> [Work to be completed] With the pictures excluded, reproduce all of the data exactly.

> [Data shown]
>>>>>

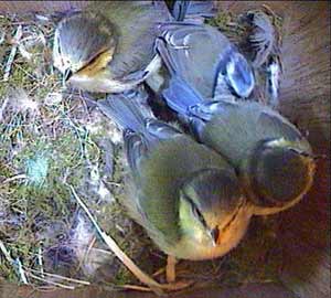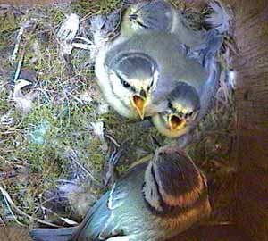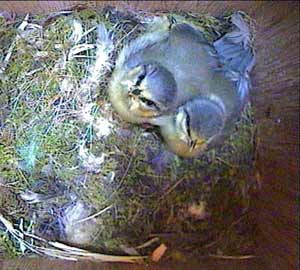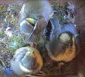 It is now 5 to nine and all three chicks are still in the nest box. (In case you can only see two, the top two are sitting on the third one whose head and beak can just be seen at the top of the picture.)
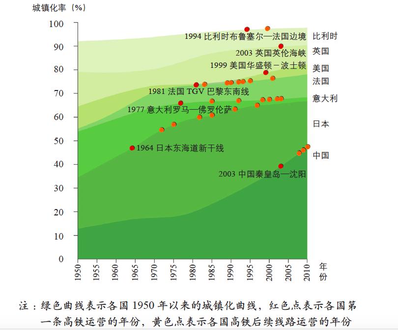 而我国高铁大规模建设时,处在城镇化率加速上升的过程中,大量人口涌入,城市空间快速发展。
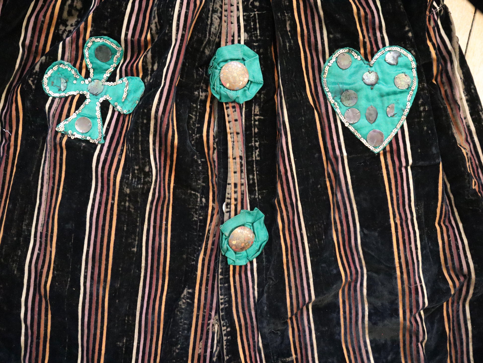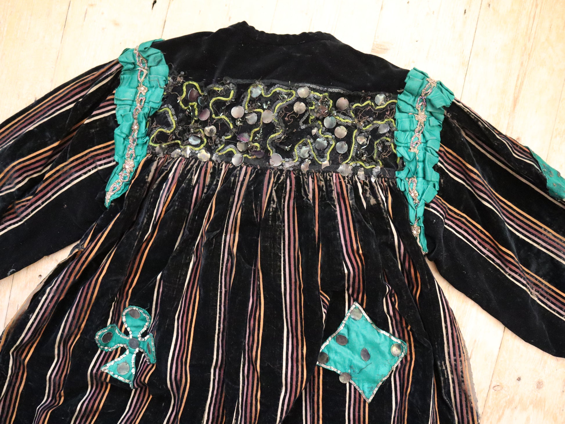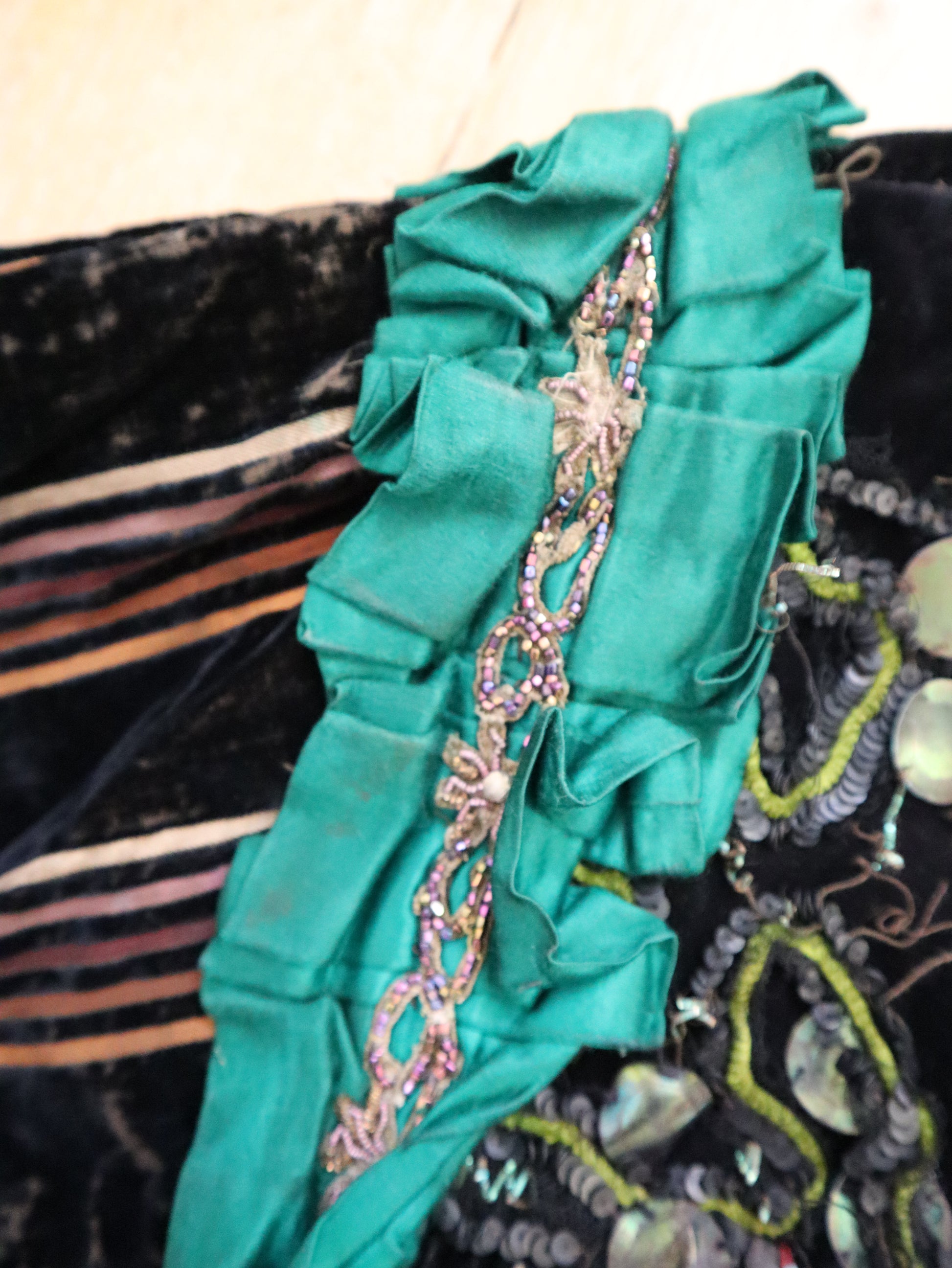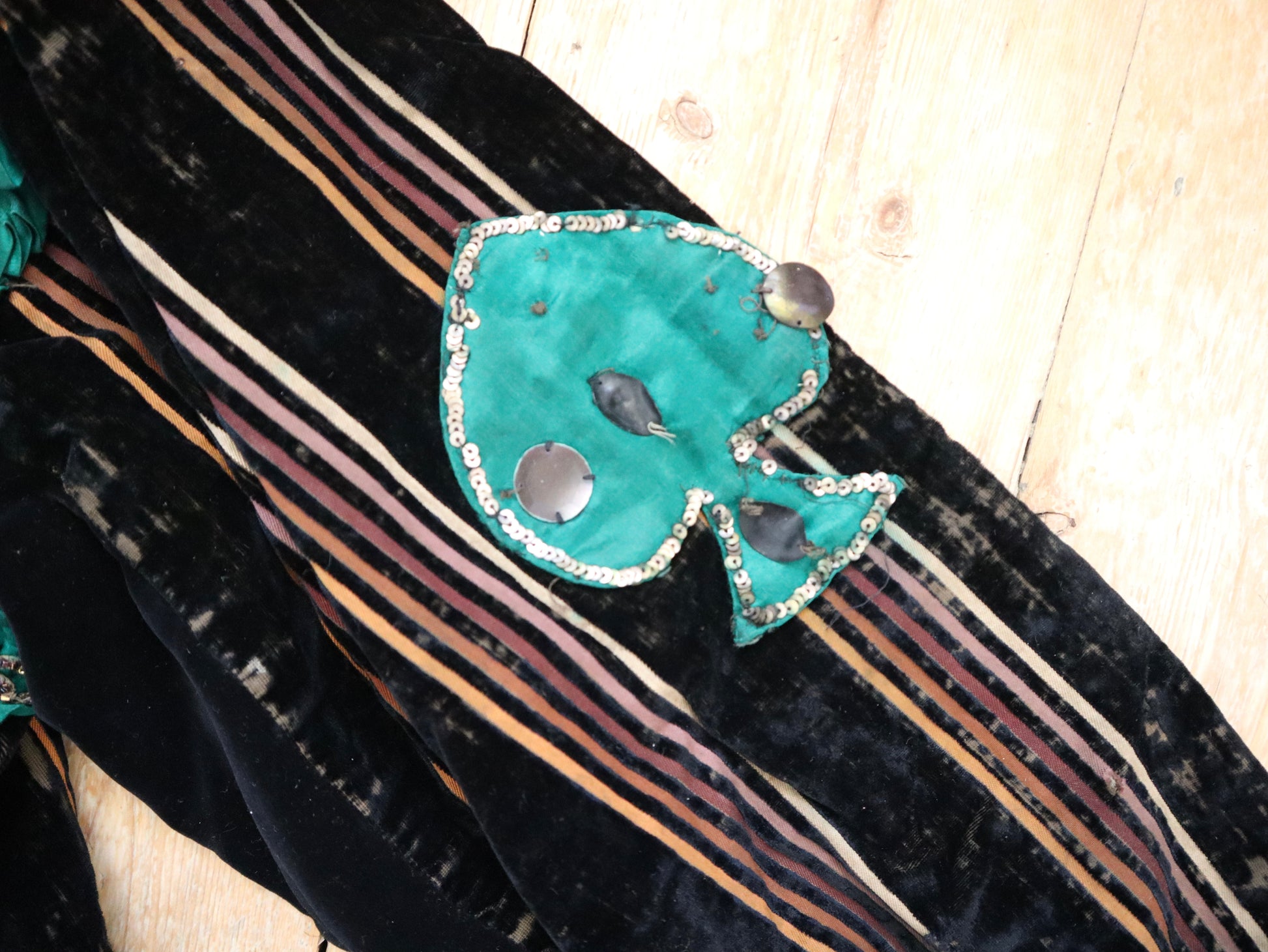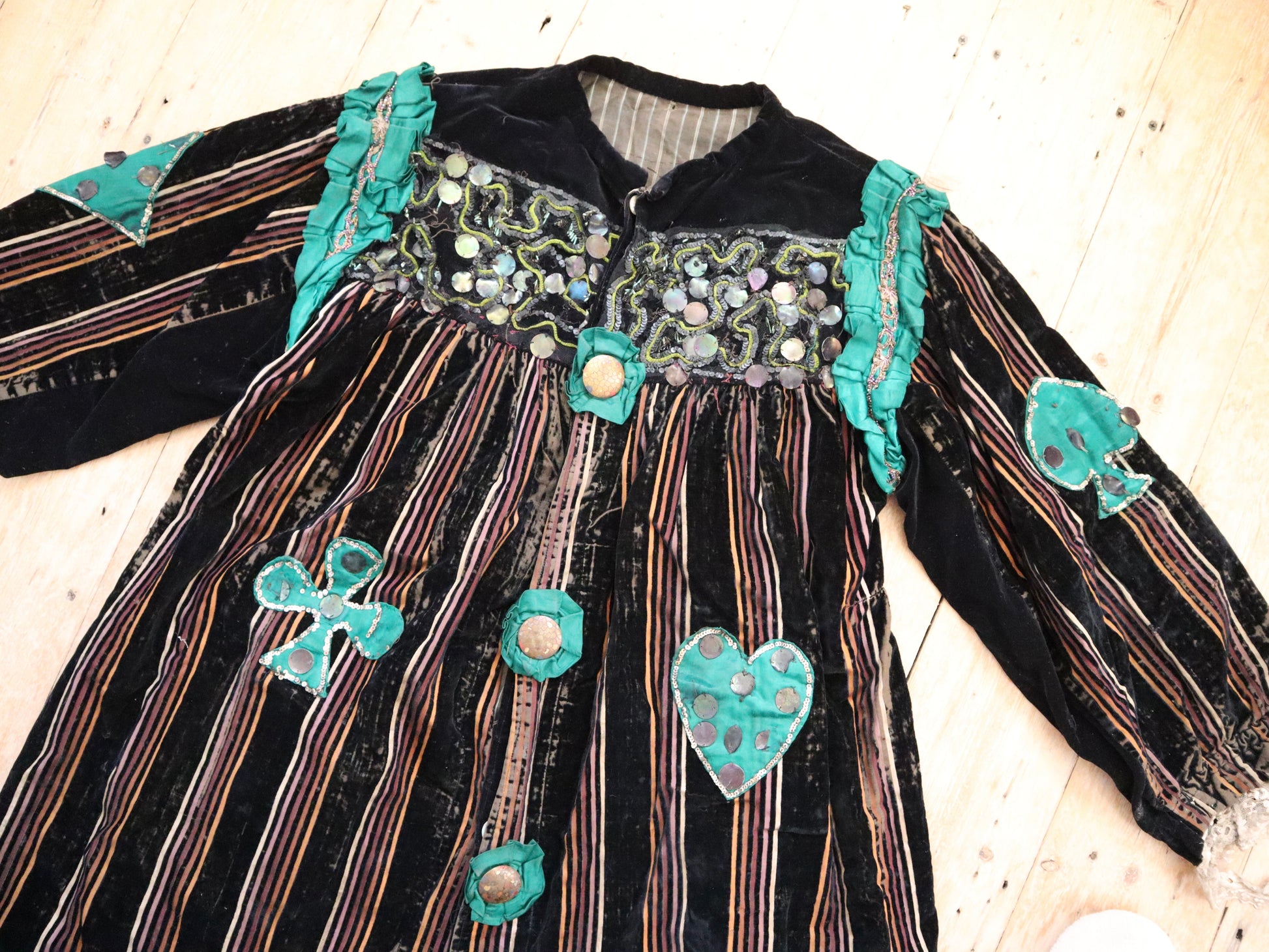 This extraordinary silk clown costume dates back to the 1910s–1920s and is a rare piece of wearable history. Hand-stitched from brown striped silk velvet, it’s lined with striped cotton and adorned with appliqué playing card motifs. Rich green silk ruffles and green and silver sequins embellish the suit, with beaded shoulder trim adding to its character. The buttons are brass with vibrant enamel painting, and it fastens with hidden buttons underneath. Slit openings at the sides (unlined) hint at pocket-style details. Lace trim finishes off the cuffs.

<<<<<

> [Solved problem]
 It is now 5 to nine and all three chicks are still in the nest box. (In case you can only see two, the top two are sitting on the third one whose head and beak can just be seen at the top of the picture.)
 而我国高铁大规模建设时,处在城镇化率加速上升的过程中,大量人口涌入,城市空间快速发展。
 This extraordinary silk clown costume dates back to the 1910s–1920s and is a rare piece of wearable history. Hand-stitched from brown striped silk velvet, it’s lined with striped cotton and adorned with appliqué playing card motifs. Rich green silk ruffles and green and silver sequins embellish the suit, with beaded shoulder trim adding to its character. The buttons are brass with vibrant enamel painting, and it fastens with hidden buttons underneath. Slit openings at the sides (unlined) hint at pocket-style details. Lace trim finishes off the cuffs.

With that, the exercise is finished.